• Exercise: Would you restate each line of the data below word for word, without its pictures?
(Data section)
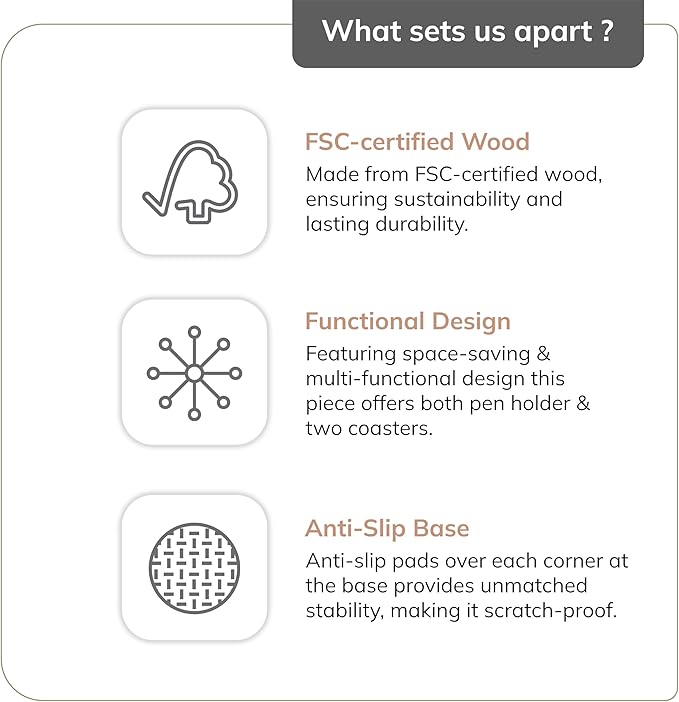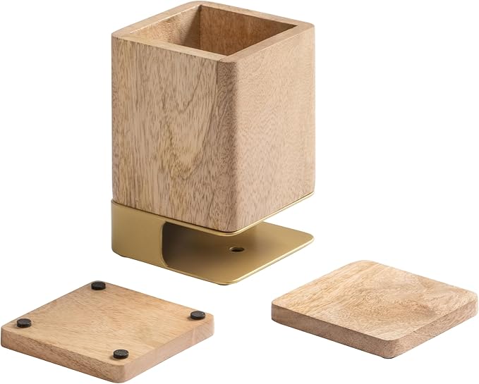 - Elegant Desk Accessories: Crafted from sustainable mango wood, this wooden pen cup and coasters set enhances office desk accessories with its sleek design, offering a refined touch to any office desk environment.
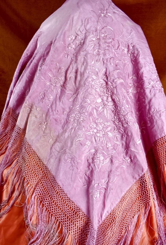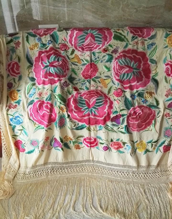 Espectacular Mantón de Manila isabelino de seda muy antiguo
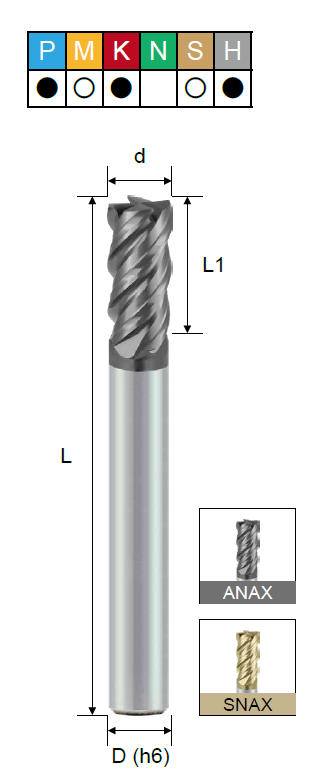 H (твердые материалы), K (чугун), M (нержавеющая сталь), P (сталь), S (титан) |
(End Data section)
• Written reply:
 - Elegant Desk Accessories: Crafted from sustainable mango wood, this wooden pen cup and coasters set enhances office desk accessories with its sleek design, offering a refined touch to any office desk environment.
 Espectacular Mantón de Manila isabelino de seda muy antiguo
 H (твердые материалы), K (чугун), M (нержавеющая сталь), P (сталь), S (титан) |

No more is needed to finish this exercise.